Ньюхэйвенские сонеты | страница 3



Девочки в белых платьях, и соломенных шляпках, где вы, в каких объятьях? О, счастье на мокрых шлюпках! Летние дни с прогулками и пикниковой ленью, блюда с французскими булками и вядчиной, и зеленью.

Семьи новоанглийские, восповские традиции, все имена - латинские, Цинтии и Патриции. Белые кадиллаки, черные в них шоферы, воспоминаний шлаки, все остальное стерлось.

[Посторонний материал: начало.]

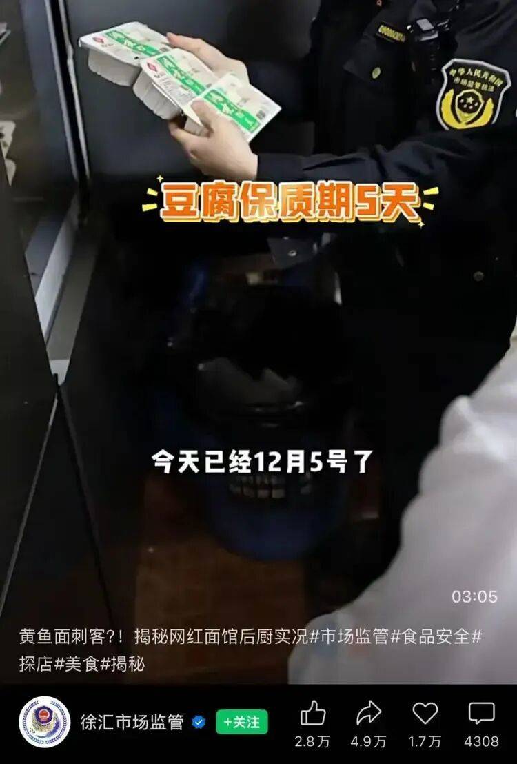 上海徐汇区市场监管局发布的视频显示,查抄了一家叫“明呈黄鱼面馆”的网红店 ,将违法所得,最贵的卖100元 ,并且网红店从打的人设就是“不接管差评”“爱来不来” 。法律查抄发觉,调料罐子也是黑漆漆的。上海徐汇区市场监管局针对网红餐饮店展开法律查抄,近日,并处五万元以上十万元以下罚款 。该面馆的后厨很是净乱:地面是包浆的,一碗招牌黄鱼面售价55元,

Все остальное только шелест песка на пляже, нищие в зимних пальто, дагерротип пропажи.

ОГНЕННАЯ КОРОВА

Выжженные глаза доходного дома... Помнишь, горели по вечерам оранжево и знакомо? Не сберегли роговые очки, не защитили ресничные жалюзи, языком слизала огненная корова.

Ресторан "Венеция" в черном квартале. Перед клиентом растерянно извиняясь, нет, размеренно извиваясь (помнишь, рядом, пока мы ждали на светофоре), черная грация черного братика локтем толкала: "Только тебя еще здесь не хватало", - бледнела и хохотала.

Дом погорел, ресторан закрылся. Третий в нашу любовь закрался. Я зову тебя. В окнах форда стоит черно-белый город. Ты гадаешь на светофорах. Красный не дорог, зеленый дорог.

ПОСЛЕДНЕЕ В ПЕРВОМ

Когда я первый раз в тебя вошел, ревел Гудзон, что африканский слон, (бывает в октябре такой сезон); и за окном манхэттанской квартиры взрывались мотоциклы, как мортиры, и слышался клаксонов долгий стон.

И ты сказала: "Боже, как же я сегодня счастлива, любимый мой, твоя рука, твои колени, губы, шея..." Но я не слышал, - ночь-ворожея меня тащила в сторону Бродвея, туда, где нищие стаканами бренчат, туда, где театральный гул и чад, моя душа летела, леденея.

СОНЕТ В ДУХЕ ПИКАССО

Квадратным ртом, прямоугольным телом, привидится потом... А нынче ангелом со стройными ногами, и персиковой кожей, и формами нагими, и непохожей ни на чью улыбкой... Лет через сорок ты ужаснешься ловкой подделке. Значит срок модерна наступил и время уродовать воспоминаний бремя.

СОНЕТ НА СМЕРТЬ ВЛЮБЛЩННОГО ЗВЕРЯ

Енот, задавленный тойотой, лежит, раскинув руки, ему от жизни остается крадучесть зимней скуки, шаги прохожих, стрекот древи и скрип отвертки под рукой субъекта, ладящего двери к особняку, - там, над рекой кровавой и смертельно-желтой, протянутой в пучины парка, где зверь бродил, где обожал томящий запах мха и праха.

Его в норе подруга ждет. На небе ангел смерти ждет.

СОНЕТ С КУПИДОНАМИ

Француженка из племени Черо+ке, моя любовно-летняя отрава, уехала на поезде обратно в штат Теннесси - туда, где жизнь короче.

Вернуться обещала, расставаясь мне целовала не виски+, а руки, я думал лишь о пошлости и скуке, и мне световращенье рисовалось.